IIRC, mac_len is only set on Rx, while on Tx it usually isn't. More below.

> Maybe somewhere early in the egress path we should set skb->mac_len to
> dev->hard_header_len, and then use skb->mac_len consistently, and
> consider that part of the skb (and not arbitrarily consider ETH_HLEN to
> be part of the skb in bridge).
> 
> (This almost tempts me to actually try to implement the hypothetical SKB
> scheme I described above, just so it's easier to understand what part
> does what ... and to find where the issues like this occur)
> 

Interesting idea.

>> Typical bridge in the networking industry is a device that
>> does forwarding based on L2. Which includes vlans.
>> And imo that's the most appropriate way of configuring and thinking
>> about bridge functionality.
>> Whereas in the kernel there is a 'vlan' netdevice that 'eats'
>> vlan tag and pretends that the rest is the same.
>> So linux bridge kinda doesn't need to be vlan aware.
>> CONFIG_BRIDGE_VLAN_FILTERING was the right step, but I haven't
>> seen it being used and I'm not sure about state of things there.
> 
> I think that ends up being a question of semantics. You can consider an
> "industry bridge" that you describe to be a combination of VLAN and
> bridge netdevs, and so it's just a question of what exactly you consider
> a "bridge" - does it have to be a single netdev or not.
> 
>> So your option 1 above is imo the best. The bridge needs to deal
>> with skb->mac_len and full L2 header.
> 
> Yeah, I guess.

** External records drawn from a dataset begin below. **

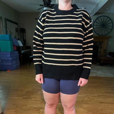 [This review was collected as part of a promotion.] I am wearing a size XXl in this crewneck stripped sweater by Ava and Viv. I am a normal size 10/12 but liked how this fit and was a little oversized on me but not bad. I loved the tan stripes against the navy blue sweater. The material was soft and the stitching quality was great. The cuds around my neck and wrist are a solid blue and thicker material. Great quality sweater. I received an incentive to write this review.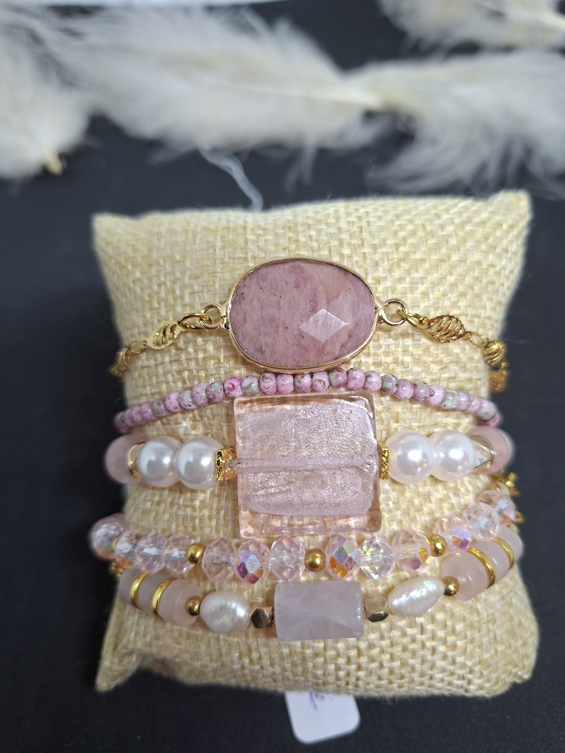 Bracelet composé de perles blanches en verre, perles de Quartz rose, une perle plate carrée en verre.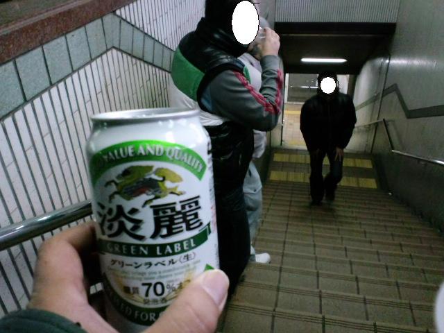 素人は寒空の下では熱燗に走りたがりますが、俺みたいに玄人になると寒空でもビール。発泡酒です(笑)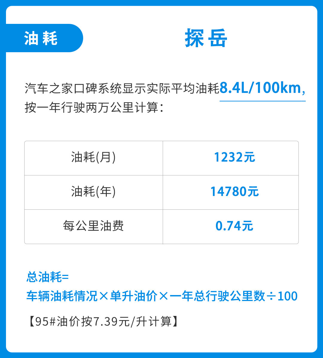 以畅销的2.0T两驱豪华型为例,我们从在汽车之家口碑处了解到,车主的平均油耗为8.4L/100km,按广东地区95号汽油7.39元/升来计算,1年行驶2万公里的油费为14780,平均每月1232元。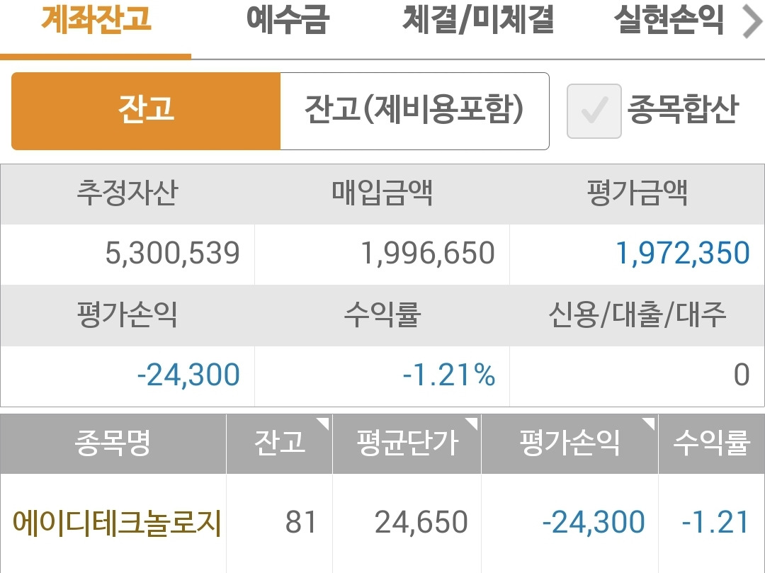 사진 1. 총 500만 원 투자에 30만 원 수익이다. 에이디테크놀로지가 계속 손실이다. 그래도 아직은 5일선이 위에 있으니까 가만히 있는다. 포스코는 정리해서 나의 계좌엔 에이디 테크놀로지뿐이다.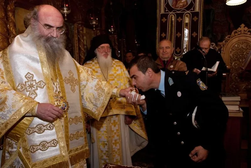 Κατά την ‘’εν ειρήνη’’ έξοδό τους από το Ναό οι πιστοί πήραν εορταστικό κέρασμα, ευλογία από τον Άγιο.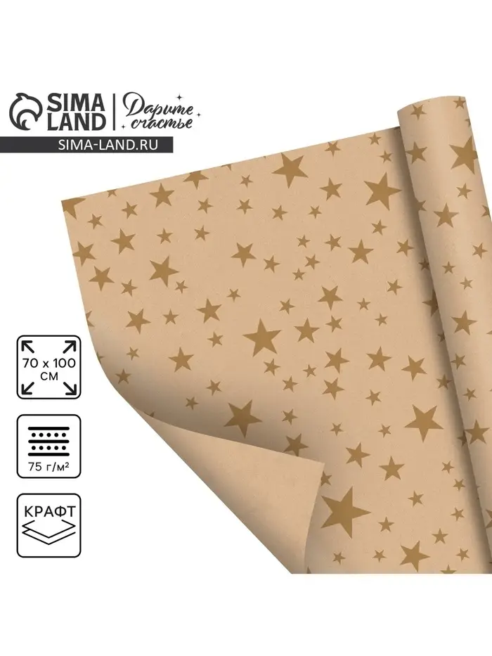 Бумага упаковочная крафтовая «Звёзды», 1 лист, 70 х 100 см

We're back to square 1 ;-)
> 
> I'm not even sure I understand the bug that Nikolay described, because
> br_dev_xmit() does:
> 
>         skb_reset_mac_header(skb);
>         eth = eth_hdr(skb);
>         skb_pull(skb, ETH_HLEN);
> 
> so after this we *do* end up with an SKB that has mac_len == ETH_HLEN,
> if it was transmitted out the bridge netdev itself, and thus how would
> the bug happen?
> 

I said *mac_len*. :) The above sets mac_header, at that point you'll have
the following values: mac_len = 0, mac_header_len = 14 (skb_mac_header_len
uses network_header - mac_header which is set there), but that is easy
to overcome and if you do go down the path of consistently using and updating
mac_len it should work.

Cheers,
 Nik

> Thanks,
> johannes
>